→ What you should do
The entries that follow should be reproduced exactly, with no images carried over.

→ Working data
#####
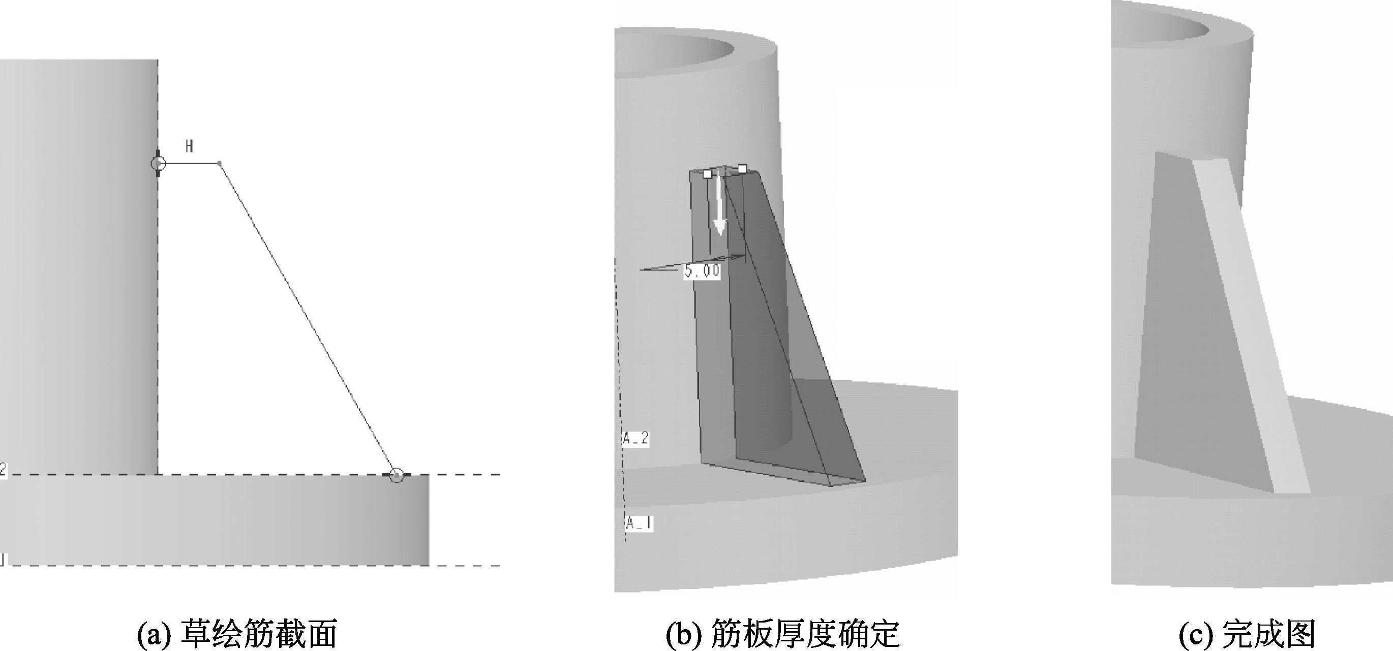 为了快速创建零件上经常出现的加强筋,Pro/Engineer中提供了筋特征造型工具,筋特征与拉伸特征类似,但不同的是,筋特征的横截面会自动变化,并与相连的曲面边界保持封闭,这一点使得在创建与曲面相连的筋时显得非常方便,见图2-32。
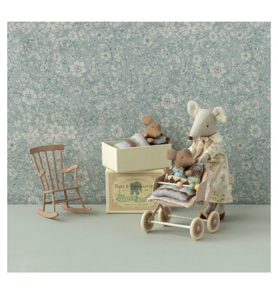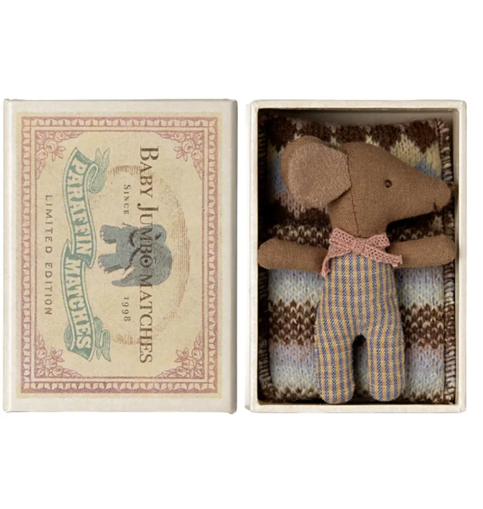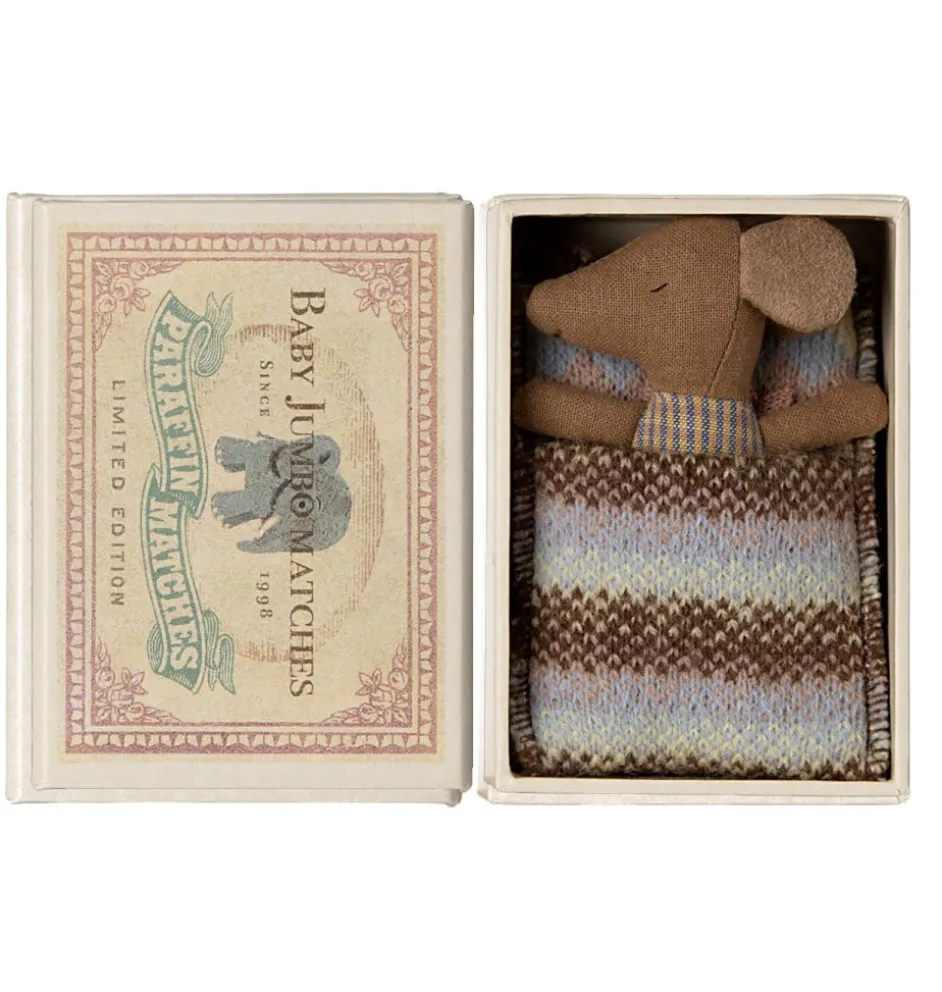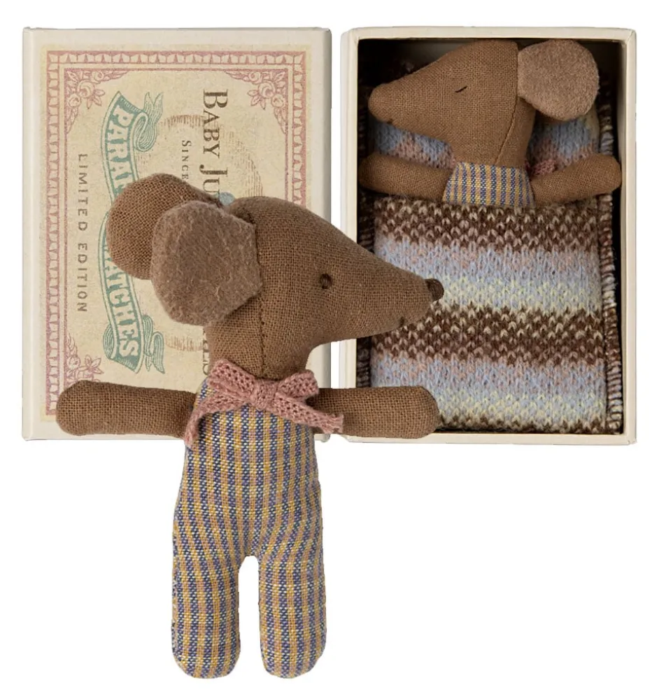 Lief babymuisje van Maileg in doosje. Aan de ene kant heeft zij een slapend oogje aan de andere kant een wakker oogje. Het muisje komt in haar bedje in de vorm van een mooi doosje. Inclusief beddengoed.
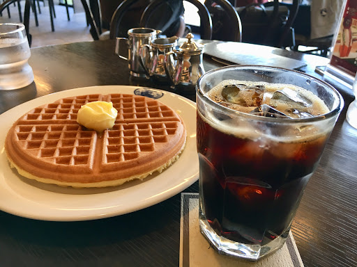 Read more濃い茶色を基調とした広くてお洒落な店舗でした。入口を入るとガラス越しに下階にあるコーヒーを焙煎する大きな機械が見えます。入って直ぐにコーヒーなどが買えるショップがあり、その奥に喫茶スペースがありました。店内は喫煙席と禁煙席に別れてるようで、タバコを吸わないと伝えると庭の見える窓側の席に案内されました。窓側は光が差し込むので明るいですが、店舗内は全体に暗めに感じました。 アイスコーヒーとワッフルを注文。アイスコーヒーは氷がたくさん入ったグラスとサイフォンで淹れた温かいコーヒーを持ってこられ、グラスに注いでアイスコーヒーにして提供されました。 アイスコーヒーはとても飲みやすく美味しかったです。ワッフルはプレーンを注文したので真ん中にバターが乗っていて、添えられたメイプルシロップをかけて食べました。 平日夕方の訪問だったので、...
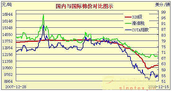 08年10月31日-08年12月15日國內外棉價對比圖表
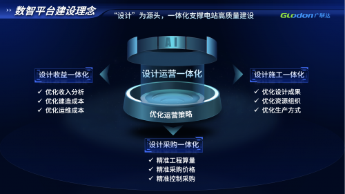 作为中国数字工程领域近30年深耕者,广联达带着“数字技术”“工程建设基因”及“AI能力”,赋能新能源赛道,打造面向新能源电站设计、建造、运维一体化的数智平台。广联达的数智平台建设,以“设计”为源头,一体化支撑高质量建设为指导思想,通过AI对传统数字化技术加持,实现四个一体化,支撑电站高质量建设和高收益的目标。
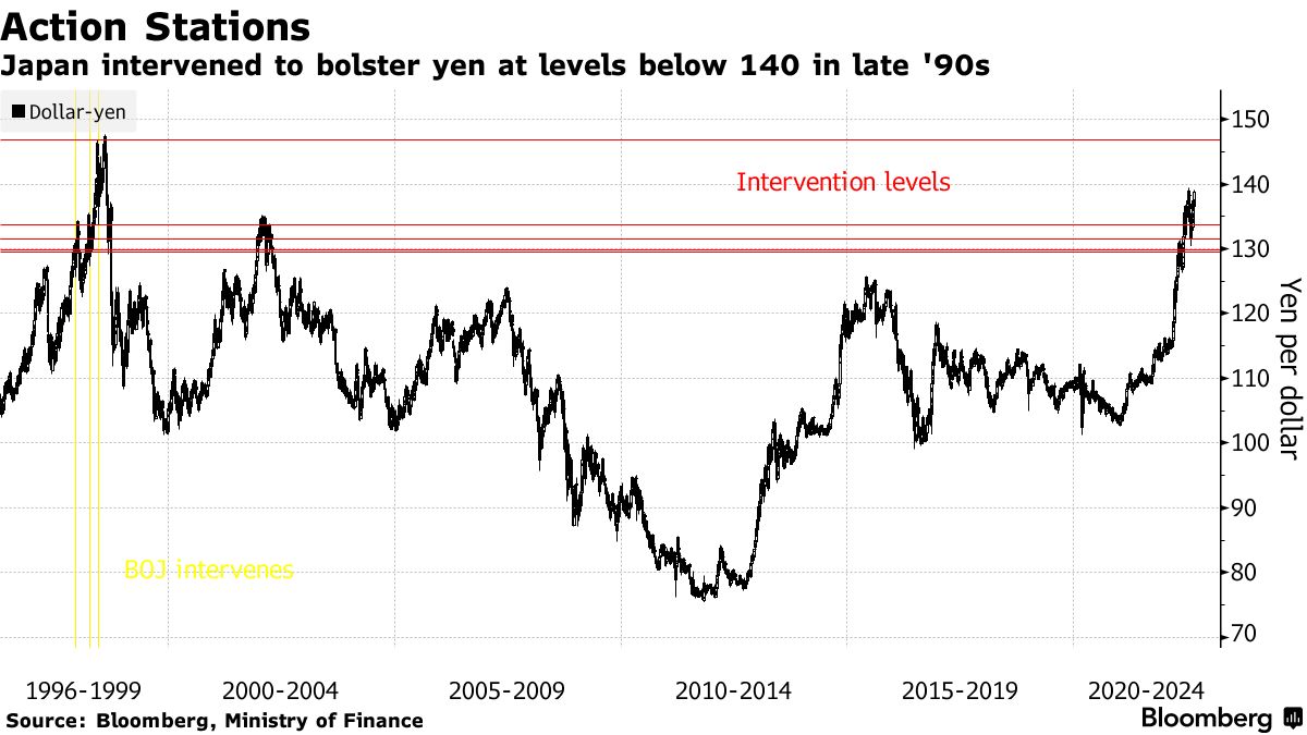 日本上一次出手支援日圓是在1998年亞洲金融危機期間,當時日圓觸及了1美元兌146日圓左右。當局之前曾在130附近水平進行干預。
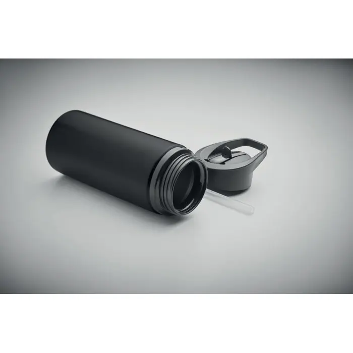 Boca od recikliranog nehrđajućeg čelika (90% recikliranog nehrđajućeg čelika i 10% nehrđajućeg čelika) s jednostrukim zidom, preklopivim otvorom za piće, slamkom i poklopcem s ručkom za nošenje. Kapacitet: 500 ml. Budući da je boca s jednostrukim zidom, još uvijek može doći do prijenosa topline.
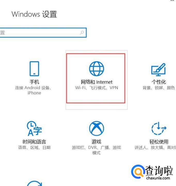 在Windows设置页面中,点击选择“网络和Internet连接”设置选项。
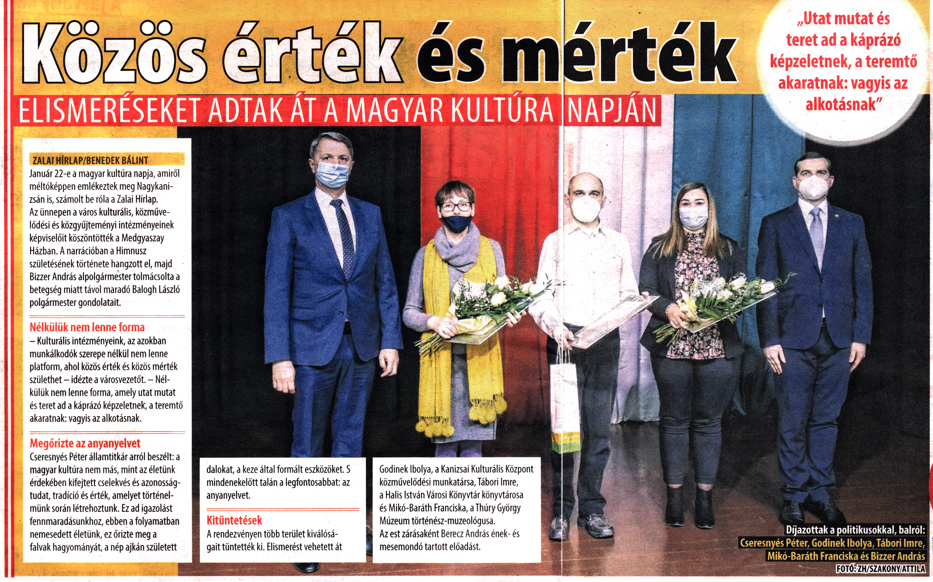 Nyilvános 2173 | 3174 | City7 magazin 2022. január 28. 4. szám 6-7. oldal | Közös érték és mérték - Elismeréseket adtak át a magyar kultúra napján „Utat mutat és teret ad a káprázó képzeletnek, a teremtő akaratnak: vagyis az alkotásnak" ZALAI HÍRLAP/BENEDEK BÁLINT Január 22-e a magyar kultúra napja, amiről méltóképpen emlékeztek meg Nagykanizsán is, számolt be róla a Zalai Hírlap. Az ünnepen a város kulturális, közművelődési és közgyűjteményi intézményeinek képviselőit köszöntötték a Medgyaszay Házban. A narrációban a Himnusz születésének története hangzott el, majd Bizzer András alpolgármester tolmácsolta a betegség miatt távol maradó Balogh László polgármester gondolatait. Nélkülük nem lenne forma - Kulturális intézményeink, az azokban munkálkodók szerepe nélkül nem lenne platform, ahol közös érték és közös mérték születhet - idézte a városvezetőt. - Nélkülük nem lenne forma, amely utat mutat és teret ad a káprázó képzeletnek, a teremtő akaratnak: vagyis az alkotásnak. Megőrizte az anyanyelvet Cseresnyés Péter államtitkár arról beszélt: a magyar kultúra nem más, mint az életünk érdekében kifejtett cselekvés és azonosságtudat, tradíció és érték, amelyet történelmünk során létrehoztunk. Ez ad igazolást fennmaradásunkhoz, ebben a folyamatban nemesedett életünk, ez őrizte meg a falvak hagyományát, a nép ajkán született dalokat, a keze által formált eszközöket. S mindenekelőtt talán a legfontosabbat: az anyanyelvet. Kitüntetések A rendezvényen több terület kiválóságait tüntették ki. Elismerést vehetett át Gödinek Ibolya, a Kanizsai Kulturális Központ közművelődési munkatársa, Tábori Imre, a Halis István Városi Könyvtár könyvtárosa és Mikó-Baráth Franciska, a Thúry György Múzeum történész-muzeológusa. Az est zárásaként Berecz András ének- és mesemondó tartott előadást. Díjazottak a politikusokkal, balról: Cseresnyés Péter, Gödinek Ibolya, Tábori Imre, Mikó-Baráth Franciska és Bizzer András |
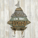 This stunning distressed-look boat-shaped sign will create an exciting focal point on a wall in a nautical themed room.
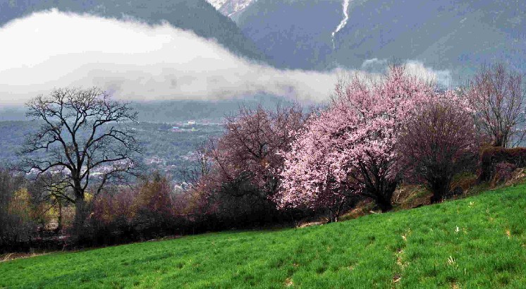 在林芝縣城東南方向約5公里處,有一片天然野生桃林,人們稱它為桃花溝。桃花溝三面環(huán)山,高處有水源,四周林木蔥蘢,版權(quán)所有山東聊城聊之旅國(guó)際旅行社有限公司,轉(zhuǎn)載必究!終年碧綠蒼翠,澗有流水,清澈見底;溝內(nèi)野桃鱗次櫛比,林間鳥雀歡噪,既靜僻又幽雅,不失為一處難得的大自然樂園和桃果基地。野生桃林是林芝林區(qū)的一個(gè)組成部分。其本身的經(jīng)濟(jì)價(jià)值并不亞于其它樹種,它不僅是四季綠化的觀賞材料,而且果實(shí)、核仁可食用與藥用。
#####
→ Solution to the problem
 为了快速创建零件上经常出现的加强筋,Pro/Engineer中提供了筋特征造型工具,筋特征与拉伸特征类似,但不同的是,筋特征的横截面会自动变化,并与相连的曲面边界保持封闭,这一点使得在创建与曲面相连的筋时显得非常方便,见图2-32。
 Lief babymuisje van Maileg in doosje. Aan de ene kant heeft zij een slapend oogje aan de andere kant een wakker oogje. Het muisje komt in haar bedje in de vorm van een mooi doosje. Inclusief beddengoed.
 Read more濃い茶色を基調とした広くてお洒落な店舗でした。入口を入るとガラス越しに下階にあるコーヒーを焙煎する大きな機械が見えます。入って直ぐにコーヒーなどが買えるショップがあり、その奥に喫茶スペースがありました。店内は喫煙席と禁煙席に別れてるようで、タバコを吸わないと伝えると庭の見える窓側の席に案内されました。窓側は光が差し込むので明るいですが、店舗内は全体に暗めに感じました。 アイスコーヒーとワッフルを注文。アイスコーヒーは氷がたくさん入ったグラスとサイフォンで淹れた温かいコーヒーを持ってこられ、グラスに注いでアイスコーヒーにして提供されました。 アイスコーヒーはとても飲みやすく美味しかったです。ワッフルはプレーンを注文したので真ん中にバターが乗っていて、添えられたメイプルシロップをかけて食べました。 平日夕方の訪問だったので、...
 08年10月31日-08年12月15日國內外棉價對比圖表
 作为中国数字工程领域近30年深耕者,广联达带着“数字技术”“工程建设基因”及“AI能力”,赋能新能源赛道,打造面向新能源电站设计、建造、运维一体化的数智平台。广联达的数智平台建设,以“设计”为源头,一体化支撑高质量建设为指导思想,通过AI对传统数字化技术加持,实现四个一体化,支撑电站高质量建设和高收益的目标。
 日本上一次出手支援日圓是在1998年亞洲金融危機期間,當時日圓觸及了1美元兌146日圓左右。當局之前曾在130附近水平進行干預。
 Boca od recikliranog nehrđajućeg čelika (90% recikliranog nehrđajućeg čelika i 10% nehrđajućeg čelika) s jednostrukim zidom, preklopivim otvorom za piće, slamkom i poklopcem s ručkom za nošenje. Kapacitet: 500 ml. Budući da je boca s jednostrukim zidom, još uvijek može doći do prijenosa topline.
 在Windows设置页面中,点击选择“网络和Internet连接”设置选项。
 Nyilvános 2173 | 3174 | City7 magazin 2022. január 28. 4. szám 6-7. oldal | Közös érték és mérték - Elismeréseket adtak át a magyar kultúra napján „Utat mutat és teret ad a káprázó képzeletnek, a teremtő akaratnak: vagyis az alkotásnak" ZALAI HÍRLAP/BENEDEK BÁLINT Január 22-e a magyar kultúra napja, amiről méltóképpen emlékeztek meg Nagykanizsán is, számolt be róla a Zalai Hírlap. Az ünnepen a város kulturális, közművelődési és közgyűjteményi intézményeinek képviselőit köszöntötték a Medgyaszay Házban. A narrációban a Himnusz születésének története hangzott el, majd Bizzer András alpolgármester tolmácsolta a betegség miatt távol maradó Balogh László polgármester gondolatait. Nélkülük nem lenne forma - Kulturális intézményeink, az azokban munkálkodók szerepe nélkül nem lenne platform, ahol közös érték és közös mérték születhet - idézte a városvezetőt. - Nélkülük nem lenne forma, amely utat mutat és teret ad a káprázó képzeletnek, a teremtő akaratnak: vagyis az alkotásnak. Megőrizte az anyanyelvet Cseresnyés Péter államtitkár arról beszélt: a magyar kultúra nem más, mint az életünk érdekében kifejtett cselekvés és azonosságtudat, tradíció és érték, amelyet történelmünk során létrehoztunk. Ez ad igazolást fennmaradásunkhoz, ebben a folyamatban nemesedett életünk, ez őrizte meg a falvak hagyományát, a nép ajkán született dalokat, a keze által formált eszközöket. S mindenekelőtt talán a legfontosabbat: az anyanyelvet. Kitüntetések A rendezvényen több terület kiválóságait tüntették ki. Elismerést vehetett át Gödinek Ibolya, a Kanizsai Kulturális Központ közművelődési munkatársa, Tábori Imre, a Halis István Városi Könyvtár könyvtárosa és Mikó-Baráth Franciska, a Thúry György Múzeum történész-muzeológusa. Az est zárásaként Berecz András ének- és mesemondó tartott előadást. Díjazottak a politikusokkal, balról: Cseresnyés Péter, Gödinek Ibolya, Tábori Imre, Mikó-Baráth Franciska és Bizzer András |
 This stunning distressed-look boat-shaped sign will create an exciting focal point on a wall in a nautical themed room.
 在林芝縣城東南方向約5公里處,有一片天然野生桃林,人們稱它為桃花溝。桃花溝三面環(huán)山,高處有水源,四周林木蔥蘢,版權(quán)所有山東聊城聊之旅國(guó)際旅行社有限公司,轉(zhuǎn)載必究!終年碧綠蒼翠,澗有流水,清澈見底;溝內(nèi)野桃鱗次櫛比,林間鳥雀歡噪,既靜僻又幽雅,不失為一處難得的大自然樂園和桃果基地。野生桃林是林芝林區(qū)的一個(gè)組成部分。其本身的經(jīng)濟(jì)價(jià)值并不亞于其它樹種,它不僅是四季綠化的觀賞材料,而且果實(shí)、核仁可食用與藥用。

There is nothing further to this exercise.